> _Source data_
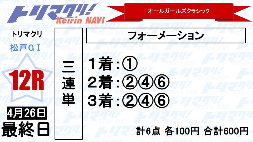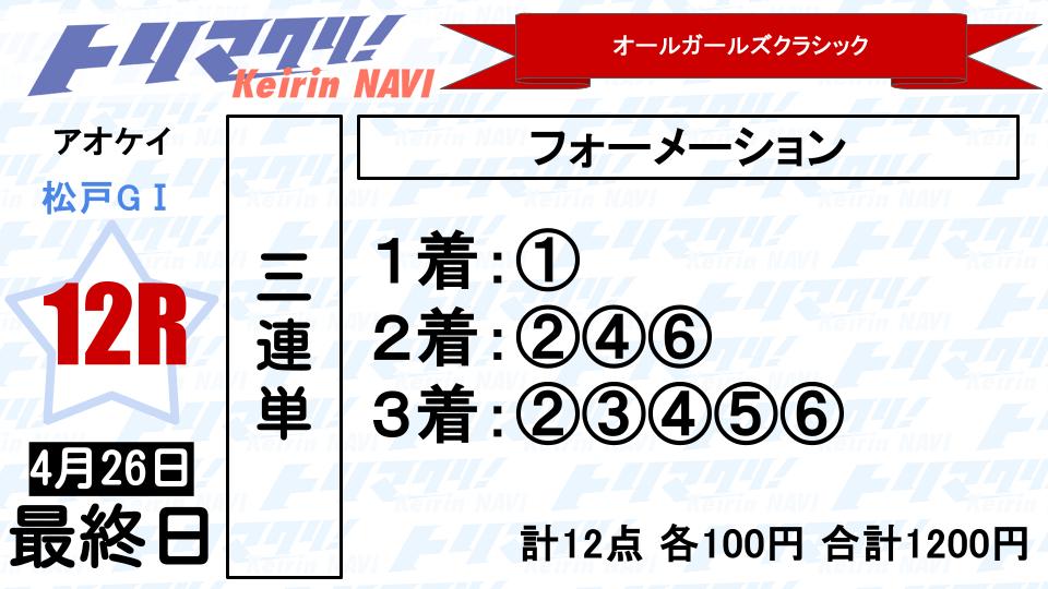 ◎圧倒的一番支持の①佐藤から〇・▲の支持率の高い②尾崎、④児玉、⑥太田の2・3着狙い6点
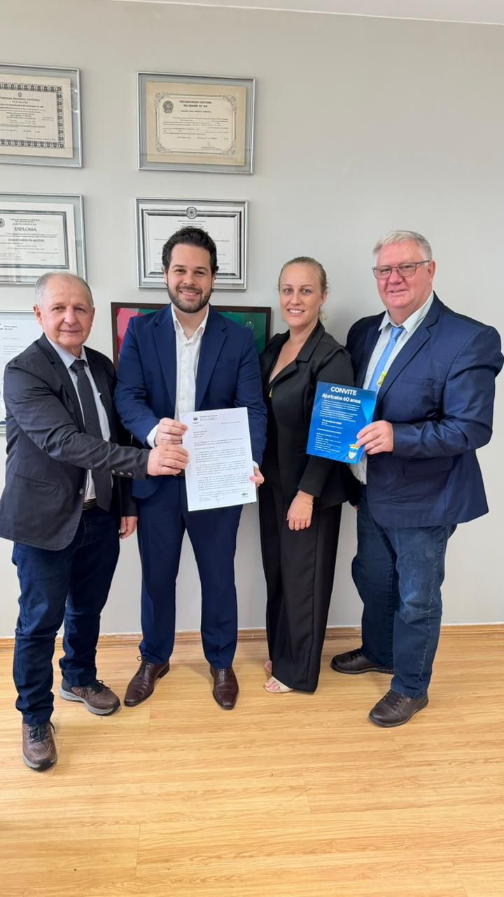 Durante a última semana, ao lado do prefeito de Ajuricaba, Paulo Dolovitsch e da secretária de Saúde, Luana Maron Torquetti, o vereador Milton Stephanini cumpriu agenda em Brasília, visitando gabinetes de deputados e senadores em busca de recursos para o município. A agenda, segundo ele, foi produtiva: no gabinete do deputado Pompeo de Mattos, receberam a confirmação de mais uma emenda, no valor de R$ 200 mil, destinada ao Hospital de Ajuricaba. Na ocasião, a comitiva também agradeceu ao parlamentar pela emenda de R$ 100 mil enviada no mês passado à APAE de Ajuricaba.
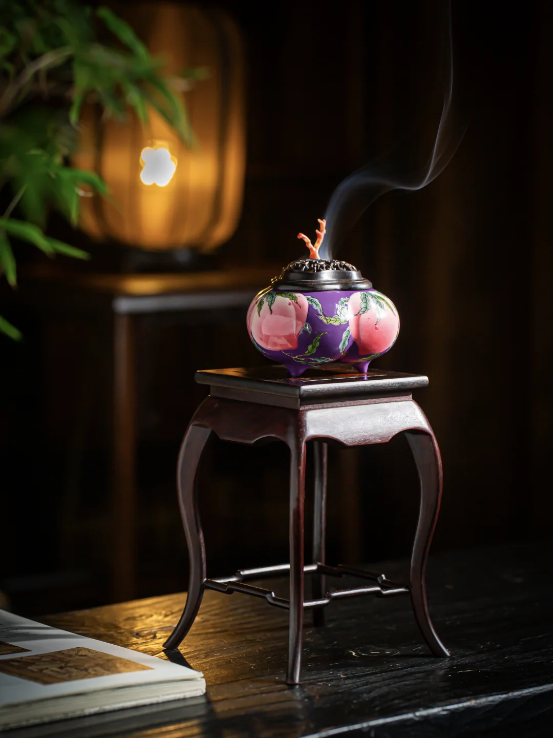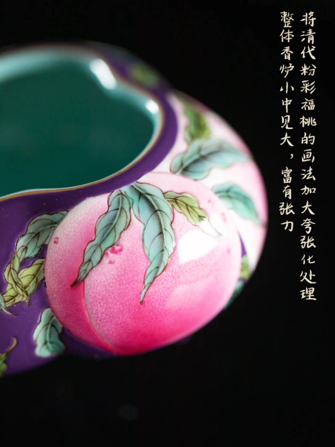夸张的福桃画法配上底色晕染的紫,饱满得几乎要撑破炉身。小中见大,说的就是它——明明不大,却有一种扑面而来的张力。摆在案头,像一句不用说的吉祥话。
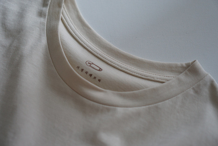 목을 감싸주는 라운드 넥이에요.
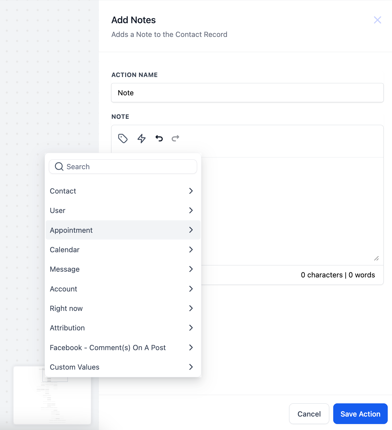 - Choose the Action Type: Select “Add to Notes” from the list of available actions.
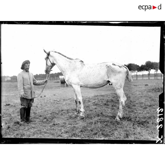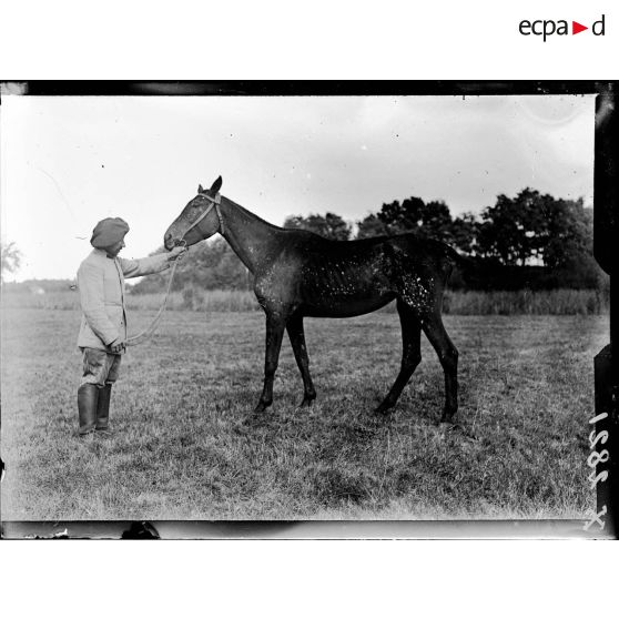 Un vétérinaire examinant un cheval au chenil militaire de Satory.
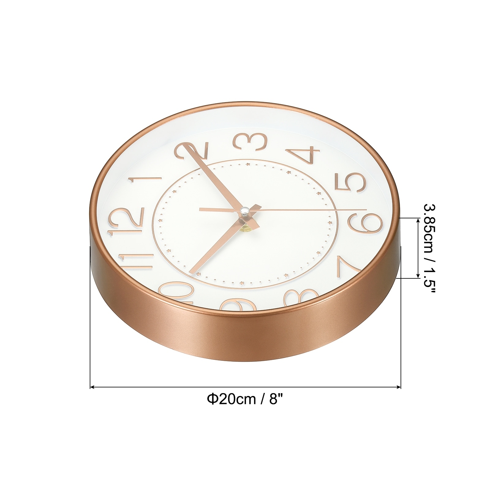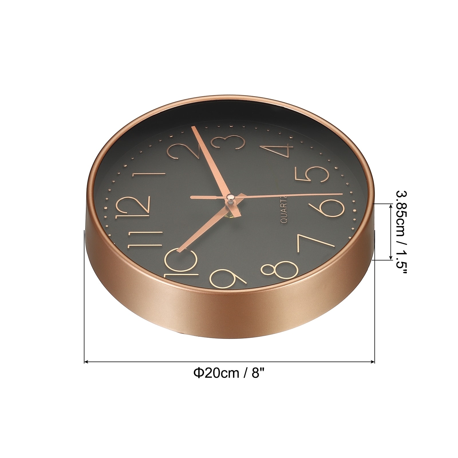 8" Wall Clock Battery Operated Silent Non-Ticking Round Modern Clock Gold
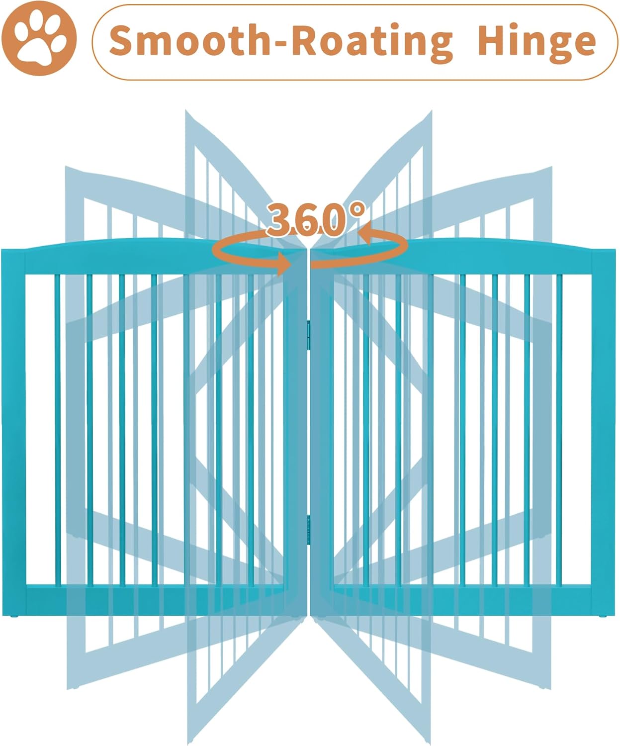 - 【Sturdy and Durable Construction】: Made with high-quality MDF materials, this pet gates for dogs are sturdy and durable. The exclusive metal support feet included with the walk through pet gate provide added stability and security, ensuring that the freestanding dog gates remains in place and does not wobble or tip over. Sturdy hinges that can rotate 360° to accommodate different shapes.
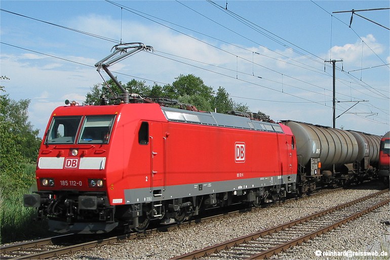 185 112 führt den Leerzug 39158 Bettwiesen - Konstanz, nachdem sie am Morgen den vollen Zug in 2 Teilen von Konstanz nach Bettwiesen gebracht hatte (Berg im Kanton Thurgau, 04.06.2003).
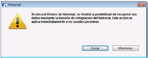 Si hace clic en el botón Cerrar, se cierra de inmediato el archivo de historial actual (no es necesario validar después la caja de diálogo de las Propiedades).
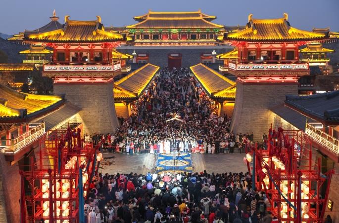 历史文脉与沉浸体验碰撞出独特魅力。古隆中景区推出“遇见诸葛亮・隆中村宴”,以“千桌宴席+水上三国实景演艺”模式,将襄阳美食与三国文化深度融合;盛世唐城开启NPC沉浸式选拔赛与“银票江湖”剧游,各类票务套餐吸引游客穿越盛唐;春秋寨景区打造登高祈福、关公赐福演绎等活动,拓印年画、投壶纳财等互动体验让传统文化可感可触。楚皇城遗址公园、宋玉辞赋园等景点同步开放,让游客在“穿越式”体验中探寻千年文脉。

> _Task goal_
The copy should match the records above exactly, except that pictures are dropped.

> _Response to this task_
 ◎圧倒的一番支持の①佐藤から〇・▲の支持率の高い②尾崎、④児玉、⑥太田の2・3着狙い6点
 Durante a última semana, ao lado do prefeito de Ajuricaba, Paulo Dolovitsch e da secretária de Saúde, Luana Maron Torquetti, o vereador Milton Stephanini cumpriu agenda em Brasília, visitando gabinetes de deputados e senadores em busca de recursos para o município. A agenda, segundo ele, foi produtiva: no gabinete do deputado Pompeo de Mattos, receberam a confirmação de mais uma emenda, no valor de R$ 200 mil, destinada ao Hospital de Ajuricaba. Na ocasião, a comitiva também agradeceu ao parlamentar pela emenda de R$ 100 mil enviada no mês passado à APAE de Ajuricaba.
夸张的福桃画法配上底色晕染的紫,饱满得几乎要撑破炉身。小中见大,说的就是它——明明不大,却有一种扑面而来的张力。摆在案头,像一句不用说的吉祥话。
 목을 감싸주는 라운드 넥이에요.
 - Choose the Action Type: Select “Add to Notes” from the list of available actions.
 Un vétérinaire examinant un cheval au chenil militaire de Satory.
 8" Wall Clock Battery Operated Silent Non-Ticking Round Modern Clock Gold
 - 【Sturdy and Durable Construction】: Made with high-quality MDF materials, this pet gates for dogs are sturdy and durable. The exclusive metal support feet included with the walk through pet gate provide added stability and security, ensuring that the freestanding dog gates remains in place and does not wobble or tip over. Sturdy hinges that can rotate 360° to accommodate different shapes.
 185 112 führt den Leerzug 39158 Bettwiesen - Konstanz, nachdem sie am Morgen den vollen Zug in 2 Teilen von Konstanz nach Bettwiesen gebracht hatte (Berg im Kanton Thurgau, 04.06.2003).
 Si hace clic en el botón Cerrar, se cierra de inmediato el archivo de historial actual (no es necesario validar después la caja de diálogo de las Propiedades).
 历史文脉与沉浸体验碰撞出独特魅力。古隆中景区推出“遇见诸葛亮・隆中村宴”,以“千桌宴席+水上三国实景演艺”模式,将襄阳美食与三国文化深度融合;盛世唐城开启NPC沉浸式选拔赛与“银票江湖”剧游,各类票务套餐吸引游客穿越盛唐;春秋寨景区打造登高祈福、关公赐福演绎等活动,拓印年画、投壶纳财等互动体验让传统文化可感可触。楚皇城遗址公园、宋玉辞赋园等景点同步开放,让游客在“穿越式”体验中探寻千年文脉。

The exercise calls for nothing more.